Average Handle Time (AHT)
AHT has long been considered a key efficiency metric in contact centers. But for interactions handled by an AI agent, AHT is more closely aligned with customer effort than operational efficiency. It should still be measured, but it will play a different role in your KPIs with an AI agent.
Containment Rate
Traditionally, containment was viewed as a binary choice – either the automated service contained an interaction or it didn’t. But with regard to AI agents capable of resolving an ever-growing range of complex issues, containment will need to become a more nuanced measure. Interactions that your AI agent escalates or consults with a human agent to resolve are not automatically failures. If the AI agent reduced the amount of time your human agents needed to spend on those interactions, it’s still increasing efficiency, despite the lack of containment.

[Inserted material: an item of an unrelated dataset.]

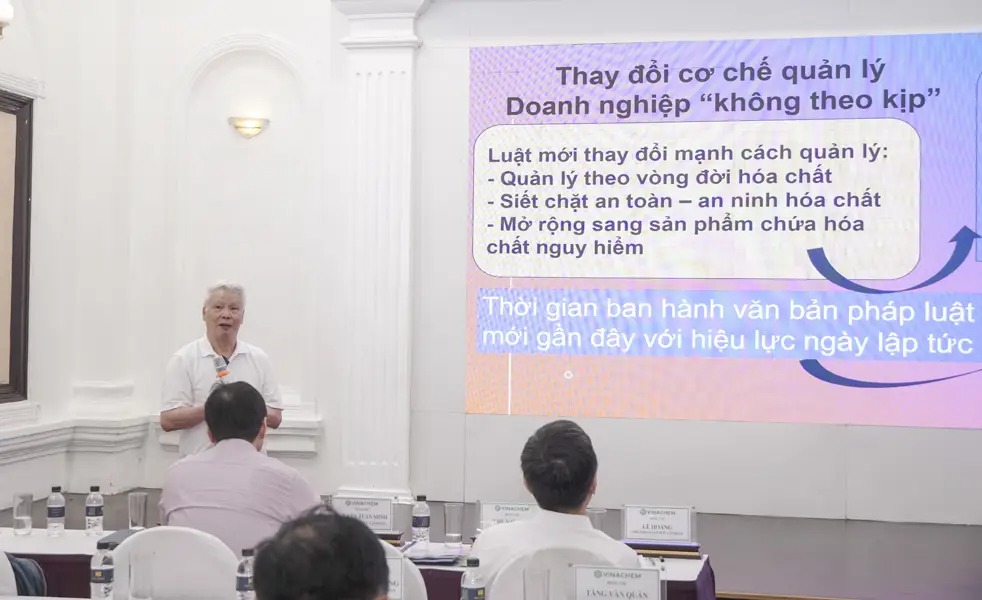 A representative from the Vietnam Chemical Society delivered a presentation analyzing the impact of the Chemical Law on chemical enterprises in the context of integration, including higher requirements for risk management, traceability, and responsibility within the supply chain.

First Contact Resolution (FCR)
FCR is one of the most critical metrics in every contact center. That won’t change with AI agents. Because their purpose is to resolve customer issues, FCR will be a much more important KPI than containment.
Escalation rate
Even with a highly capable AI agent, some interactions will still be escalated to a human to resolve. In fact, for some use cases, you might anticipate that a significant percentage of interactions will require a handoff to a human. In those cases, if your AI agent is saving the human agent time by gathering information and performing tasks that lay the groundwork for resolution, it’s still improving operational efficiency. So, you’ll want to consider escalation rates carefully for each use case. Every escalation isn’t a failure.
Labor hours saved
This one is a new metric that will be critical in evaluating the impact of your AI agent, not just with the initial deployment, but every time you launch a new use case. If you switched your AI agent off, how many more labor hours would you need to handle your interaction volume? If your AI agent is simply taking over the load from your IVR and traditional bots, or only handling simple inquiries that don’t use up much labor, it’s not delivering the savings you’re looking for.
Human in the loop
Human in the loop refers to the inclusion of human judgment and input to improve AI performance. What that human involvement looks like varies substantially from one AI agent solution to the next. For some, human involvement occurs only during training and testing. Humans monitor every action and response to provide feedback and redirection to the AI agent and to inform performance improvement. In those cases, once you’ve launched your AI agent, humans become nothing more than an escalation point, just as they are with traditional bots.
ASAPP takes a different approach. GenerativeAgent® includes a Human-in-the-Loop Agent (HILATM) workflow that enables real-time human-AI collaboration. In this model, the AI agent can consult a human any time it hits a roadblock to ask for guidance, information, or approval. Once it gets what it needs, it continues resolving the customer’s issue on its own, without handing off the interaction to a human.